Como, porém, sem a fé é impossível agradar a Deus [Heb
11,6] e chegar ao consórcio dos seus filhos, ninguém jamais
pode ser justificado sem ela, nem conseguir a vida eterna
se nela não permanecer até o fim [Mt 10,22;24,13].
E para que pudéssemos cumprir o dever de abraçar a verdadeira
fé e nela perseverar constantemente, Deus instituiu, por meio
de seu Filho Unigênito, a Igreja, e a muniu com os sinais
manifestos da sua instituição, para que pudesse ser por todos
reconhecida como guarda e mestra da palavra revelada.
1794.
Porquanto somente à Igreja Católica pertencem todos os caracteres,
tão numerosos e tão admiravelmente estabelecidos por Deus
para tornar evidente a credibilidade da fé cristã. Além disso,
a Igreja em si mesma, pela sua admirável propagação, exímia
santidade e inesgotável fecundidade em todos os bens, pela
sua unidade católica e invicta estabilidade, é um grave e
perpétuo motivo de credibilidade, e um testemunho irrefragável
da sua missão divina. Donde resulta que a mesma Igreja, como
um estandarte que se ergue no meio das nações [Is 11,12],
não só convida os incrédulos a entrarem no seu grêmio, mas
também garante a seus filhos que a fé que professam se baseia
em fundamento firmíssimo. A este testemunho acresce o auxílio
eficaz da virtude do alto. Porquanto o begníssimo Senhor excita
e ajuda com a sua graça os que vagueiam no erro, a fim de
poderem chegar ao conhecimento da verdade [1 Tim 2,4].

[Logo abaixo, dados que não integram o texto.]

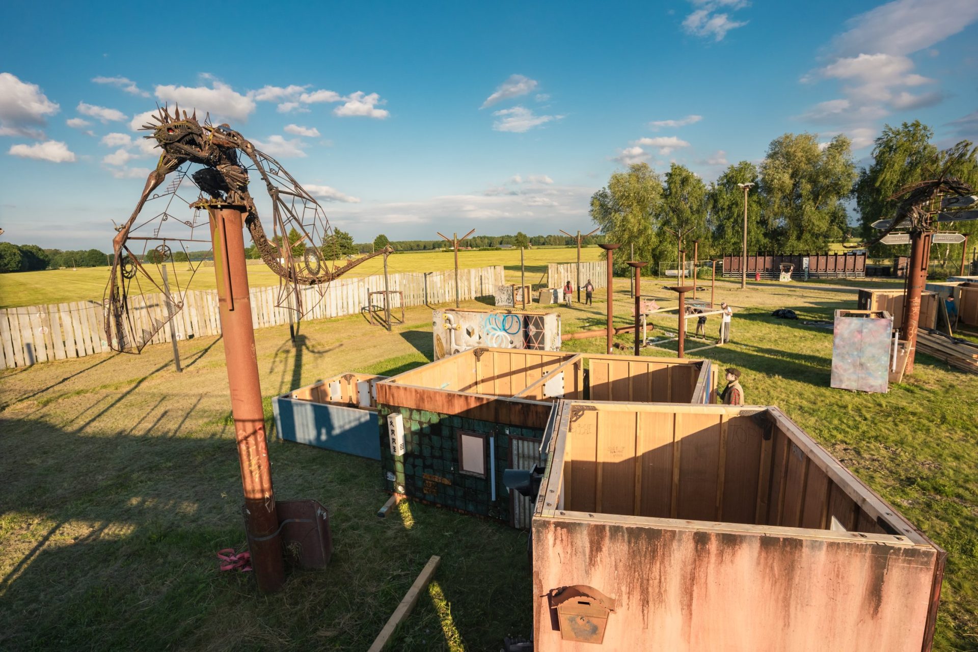 The construction process was impressive in its complexity. In organized collaboration, up to one hundred people worked simultaneously – screwing, hammering, painting, wiring. Amidst the scaffolding, a sense of community emerged, as people shared skills, stories, and moments of creation. Each facade, each corner suddenly told its own stories, while discarded materials from abandoned factories and houses were brought back to life.

E aos que chamou das trevas à luz maravilhosa
[1 Ped 2,9], confirma-os com sua graça, para que permaneçam
nesta mesma luz, não os abandonando senão quando primeiro
abandonado por eles. Pelo que, de maneira alguma é igual a
condição daqueles que, pelo dom celeste da fé, abraçaram a
verdade católica, e dos que, levados por opiniões humanas,
seguem uma religião falsa; pois os que receberam a fé sob
o Magistério da Igreja, jamais poderão ter justa razão de
alterar ou por em dúvida esta mesma fé [ cân. 6]. E por isso,
dando graças a Deus Pai, que nos fez idôneos de
participar da sorte dos santos na luz [Col 1,12], não
menosprezemos tão grande vantagem, mas, pondo os olhos
em Jesus, autor e consumador da fé [Heb 12,2], conservemos
firme a profissão da nossa esperança [Heb 10,23].
Cap.
IV – A fé e a razão
1795.
O consenso constante da Igreja Católica tem também crido e
crê que há duas ordens de conhecimento, distintas não só por
seu princípio, mas também por seu objeto; por seu princípio,
visto que numa conhecemos pela razão natural, e na outra pela
fé divina; e por seu objeto, porque, além daquilo que a razão
natural pode atingir, propõem-se-nos a crer mistérios escondidos
em Deus, que não podemos conhecer sem a revelação divina [cân.
1]. E eis por que o Apóstolo, que assegura que os gentios
conheceram a Deus por meio das suas obras [Rom 1,20],
discorrendo, todavia, sobre a graça e verdade que foram
anunciadas por Jesus Cristo [cf. Jo 1,17], diz:
Falamos da sabedoria de Deus em mistério, que fora descoberta
e que Deus predestinou antes dos séculos, para nossa glória.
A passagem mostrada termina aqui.